◆ **Your assignment**: A faithful copy of the listing below is needed, with its pictures left out.

◆ **Data provided**:
== == ==

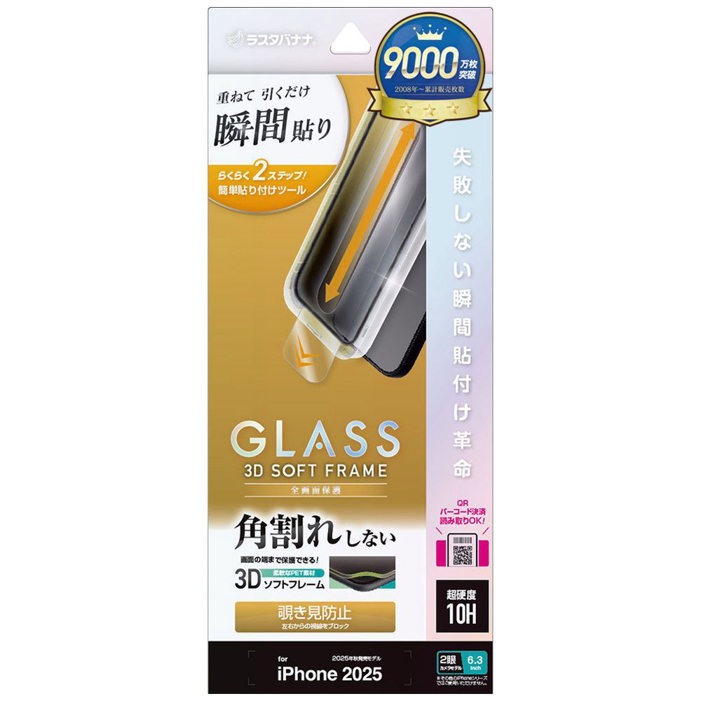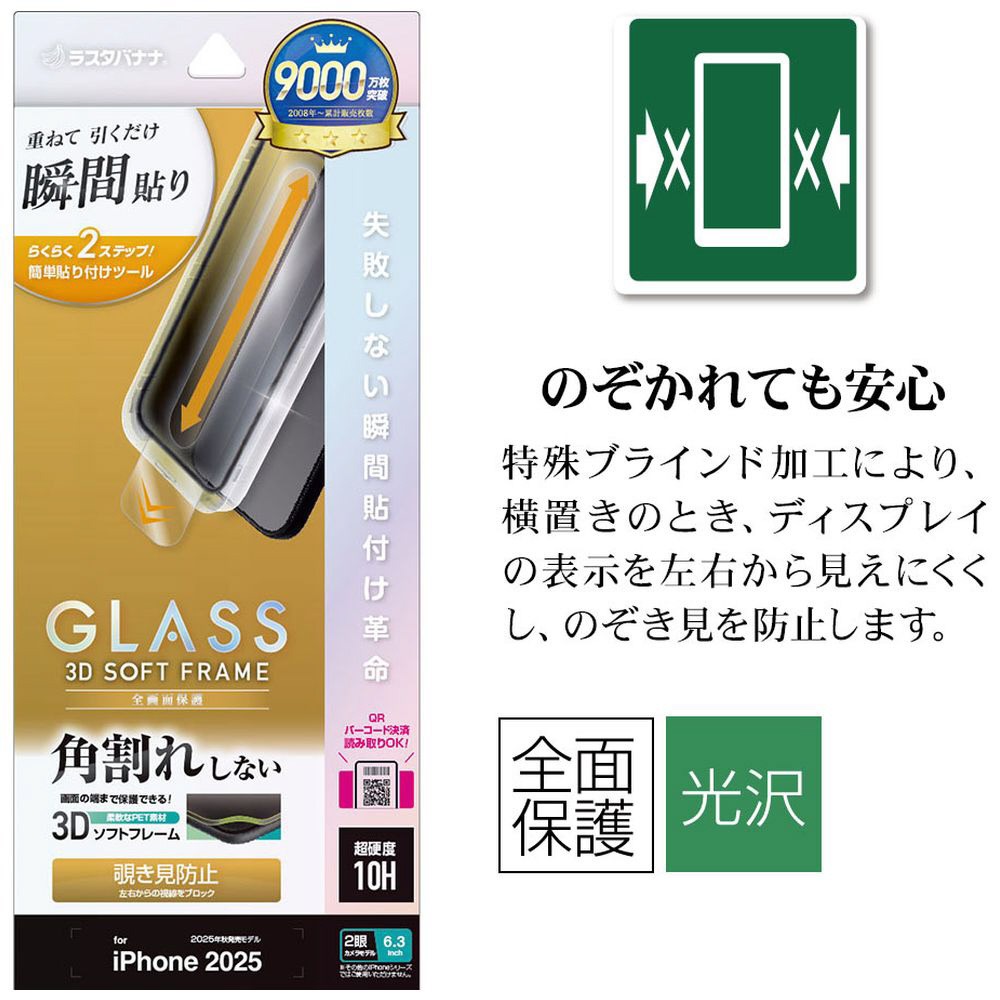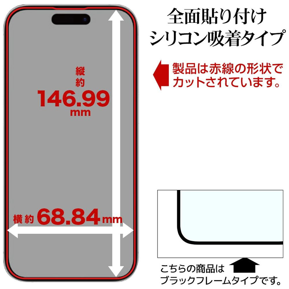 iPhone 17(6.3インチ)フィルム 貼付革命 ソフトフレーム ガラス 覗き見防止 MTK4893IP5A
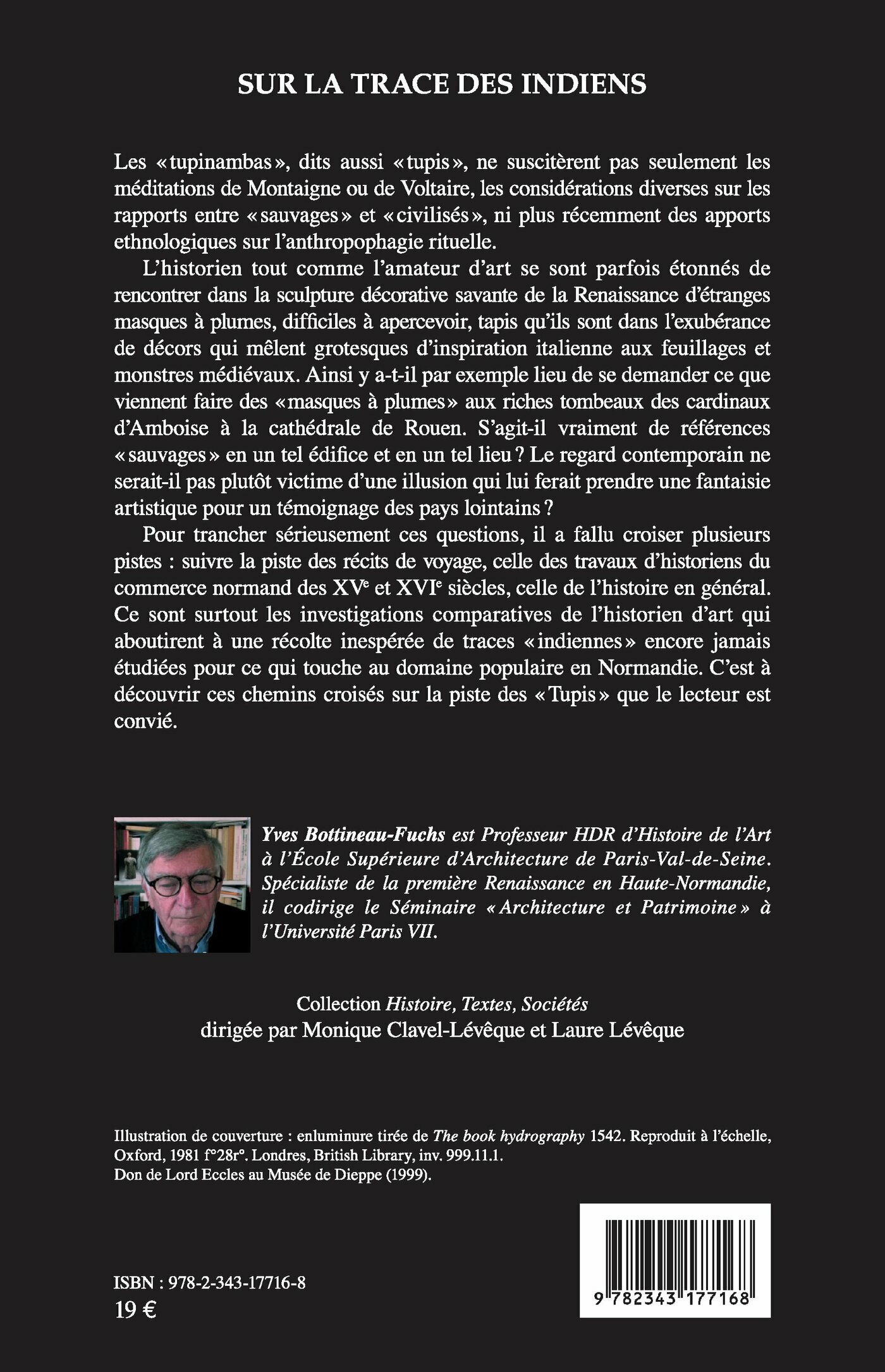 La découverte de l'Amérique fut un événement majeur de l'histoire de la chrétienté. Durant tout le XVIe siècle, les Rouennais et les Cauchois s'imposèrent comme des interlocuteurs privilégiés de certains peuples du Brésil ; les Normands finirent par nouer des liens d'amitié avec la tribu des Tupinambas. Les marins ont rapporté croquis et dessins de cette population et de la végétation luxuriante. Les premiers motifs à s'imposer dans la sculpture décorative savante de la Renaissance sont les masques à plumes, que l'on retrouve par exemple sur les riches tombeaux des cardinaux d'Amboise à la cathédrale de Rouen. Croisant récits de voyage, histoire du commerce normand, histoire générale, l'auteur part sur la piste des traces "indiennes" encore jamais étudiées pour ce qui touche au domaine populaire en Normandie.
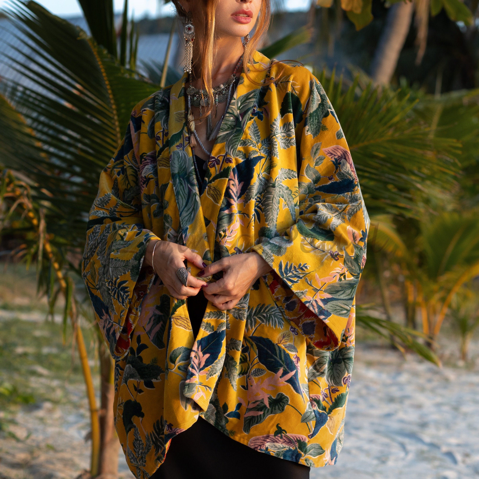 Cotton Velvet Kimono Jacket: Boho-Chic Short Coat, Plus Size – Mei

== == ==

◆ **Solution to this task**:
 iPhone 17(6.3インチ)フィルム 貼付革命 ソフトフレーム ガラス 覗き見防止 MTK4893IP5A
 La découverte de l'Amérique fut un événement majeur de l'histoire de la chrétienté. Durant tout le XVIe siècle, les Rouennais et les Cauchois s'imposèrent comme des interlocuteurs privilégiés de certains peuples du Brésil ; les Normands finirent par nouer des liens d'amitié avec la tribu des Tupinambas. Les marins ont rapporté croquis et dessins de cette population et de la végétation luxuriante. Les premiers motifs à s'imposer dans la sculpture décorative savante de la Renaissance sont les masques à plumes, que l'on retrouve par exemple sur les riches tombeaux des cardinaux d'Amboise à la cathédrale de Rouen. Croisant récits de voyage, histoire du commerce normand, histoire générale, l'auteur part sur la piste des traces "indiennes" encore jamais étudiées pour ce qui touche au domaine populaire en Normandie.
 Cotton Velvet Kimono Jacket: Boho-Chic Short Coat, Plus Size – Mei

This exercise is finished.